Слуга посмотрел на нее своими добрыми, понимающими глазами. Он лучше, чем кто-либо, знал, что, когда принц Фридрих не был занят своим лечением, консультациями с врачами и целебными водами, приступы его ярости становились еще чаще. Больше всего от этого страдали он сам и принцесса. Джозеф никогда никому не говорил о тумаках, которые доставались ему, когда он раздевал принца или укладывал его в постель после крепкого подпития. Не отличаясь высоким ростом, Джозеф, однако, обладал огромной физической силой. Он научился уклоняться от ударов в голову и ловко уворачиваться, если принц целил ему в грудь.
Принц Фридрих, как пьяный, так и трезвый, ясно отдавал себе отчет, что без Джозефа он пропадет.
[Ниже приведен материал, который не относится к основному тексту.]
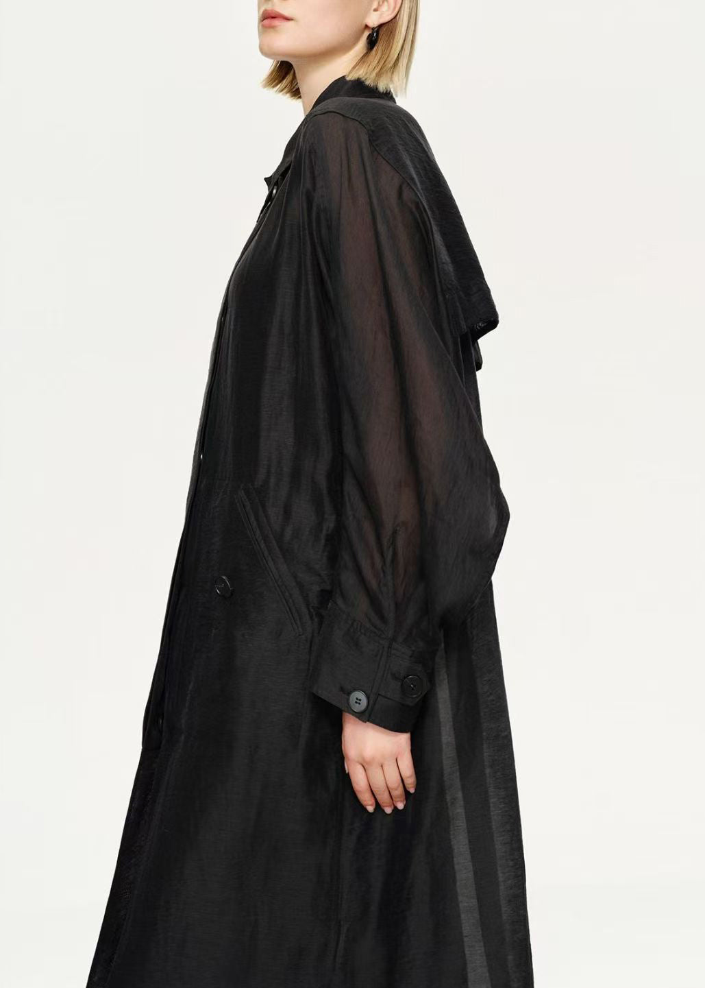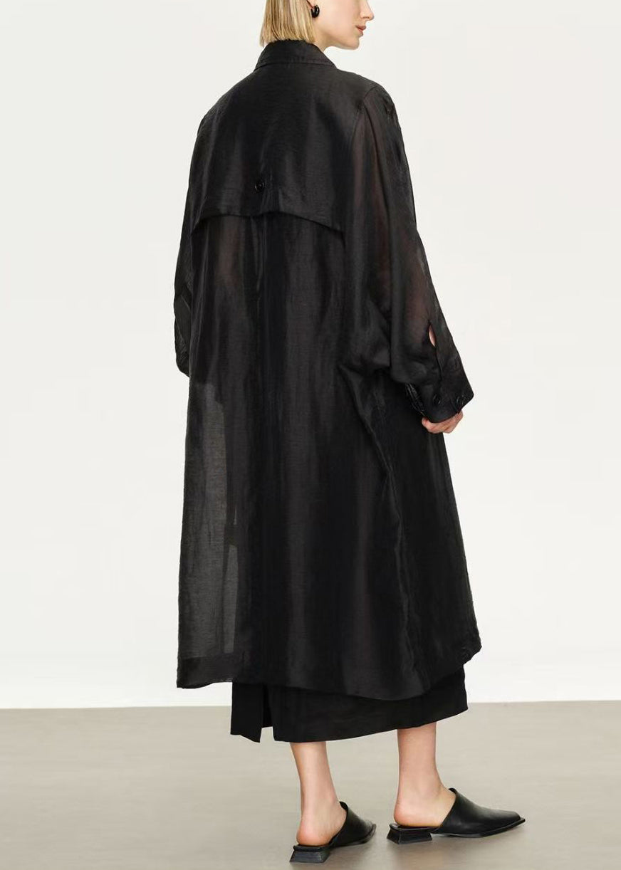 New Black Button Pockets Solid Linen Silk Long Trench Coat Batwing Sleeve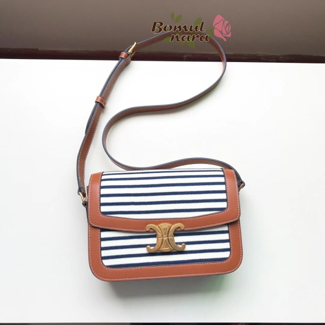 [스페셜오더]CELINE-191242 셀린느 네이비&탄 텍스타일 스트라이프 미디엄 트리오페 백

Несмотря на то что принц по натуре был хулиганом, он умел ценить мужество, и ему нравилось, что его слуга не раболепствует перед ним.
С Марицей же все обстояло иначе. Она была женщиной, и поэтому от нее требовались кротость, послушание и, как считал принц, раскаяние. Ведь именно из-за женитьбы на ней он стал калекой.
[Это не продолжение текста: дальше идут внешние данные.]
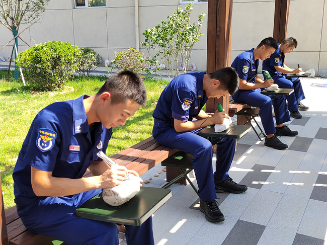 大隊(duì)組建石刻班,豐富駐島消防員文化生活。長島大隊(duì)供圖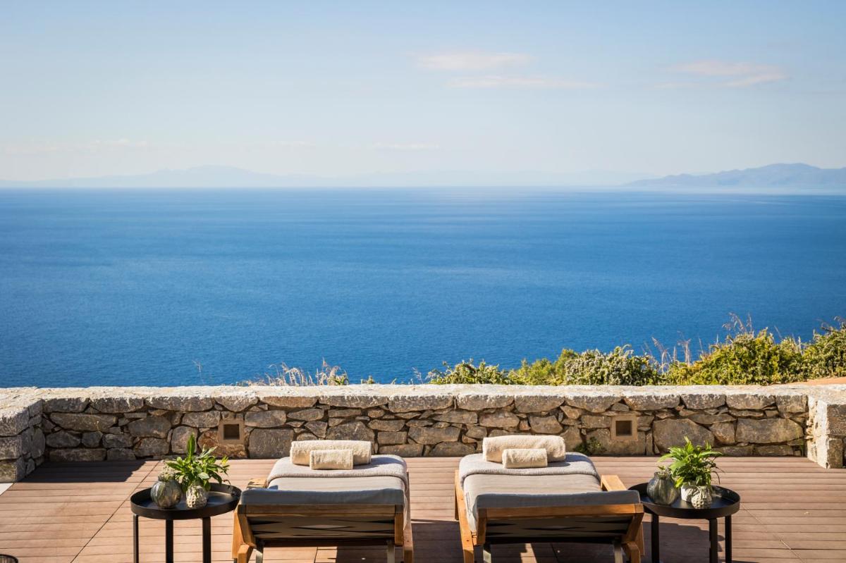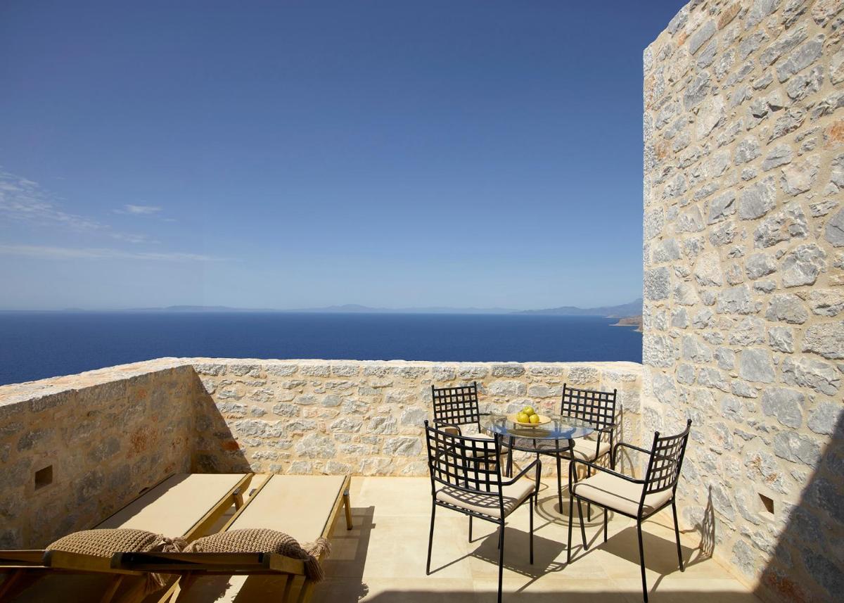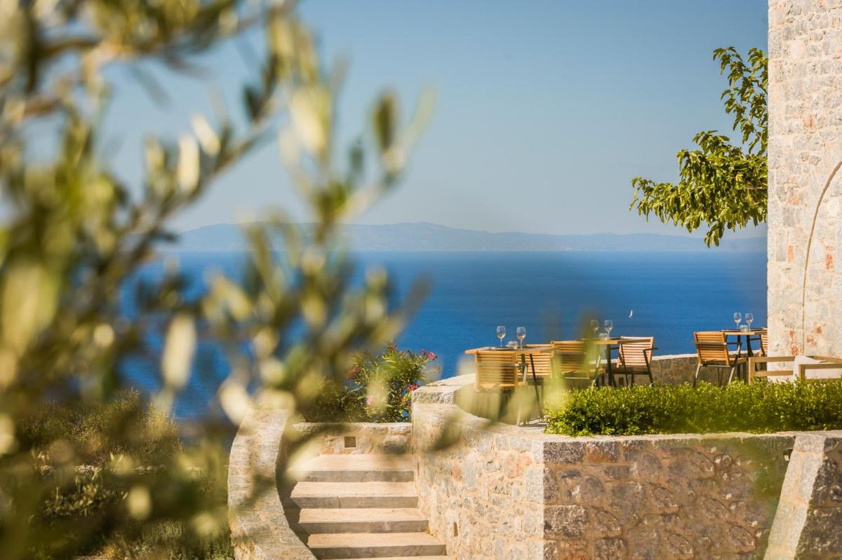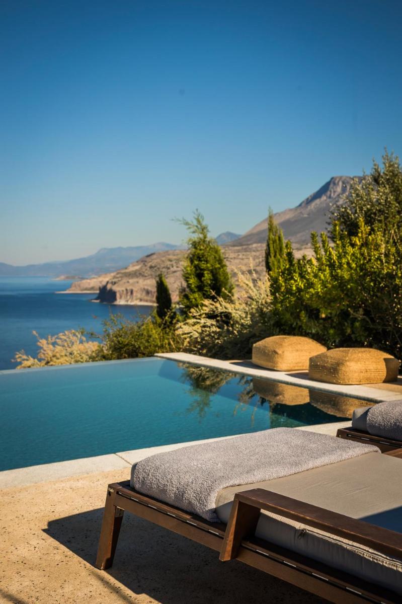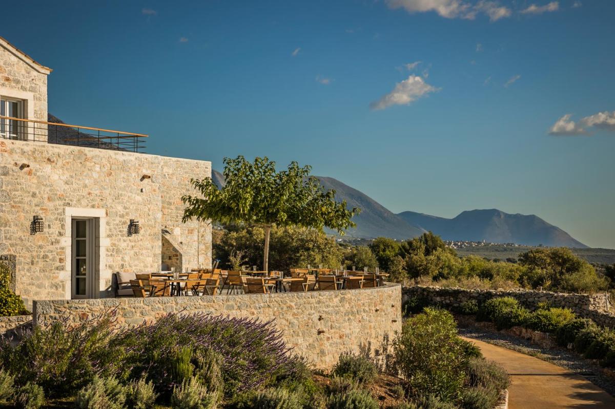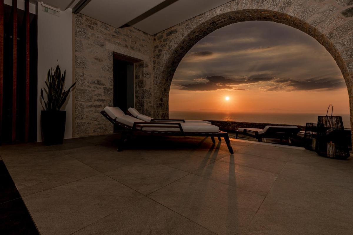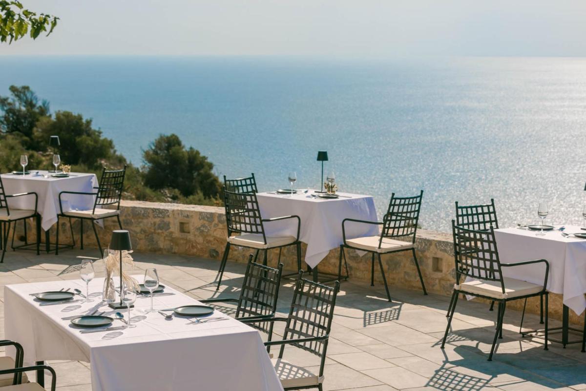 Die Struktur ist vollständig aus lokalem Stein gebaut und respektiert den Stil der Verteidigungstürme von Mani. Die Suiten sind geräumig, mit maßgefertigten Möbeln und luxuriösen Stoffen, und viele verfügen über private Terrassen mit Meerblick.

– Если вы уверены, что я не понадоблюсь его королевскому высочеству, – прошептала Марица, – я навещу герцогиню.
Джозеф взглянул на часы.
– Если вы намерены вернуться к пятичасовому чаю, ваше королевское высочество, у вас еще очень много времени.
Марица улыбнулась и вышла из комнаты. Она сегодня чувствовала себя счастливой, несмотря на то что Фридрих очень грубо обошелся с ней за завтраком.
Впервые за все время их брака его оскорбления и колючие словечки не задели ее, так как в мыслях она была далеко, в таинственном мире за туманом. Пока принц Фридрих принимал свои процедуры, она не читала, а сидела в уродливой, безобразной приемной и видела только мерцающую воду озера и глаза лорда Эркли, глядящие в ее глаза. Ей сейчас казалось невозможным, что она осмелилась говорить с ним так, как не говорила еще ни с кем, тем более с мужчинами.
Завтра она опять поедет с ним, и она знала: что бы лорд ни говорил о необходимости жить сегодняшним днем, она жива, пока может ездить с ним верхом и знать, что они наедине.
Марица подошла к номеру герцогини и, когда горничная открыла ей дверь, с радостью увидела, что герцогиня одна,
В небольшой передней не было ни мужской шляпы, ни трости, а из салона не было слышно никаких голосов.
– Ее королевское высочество принцесса Марица! – воскликнула она. – Я так надеялась на это!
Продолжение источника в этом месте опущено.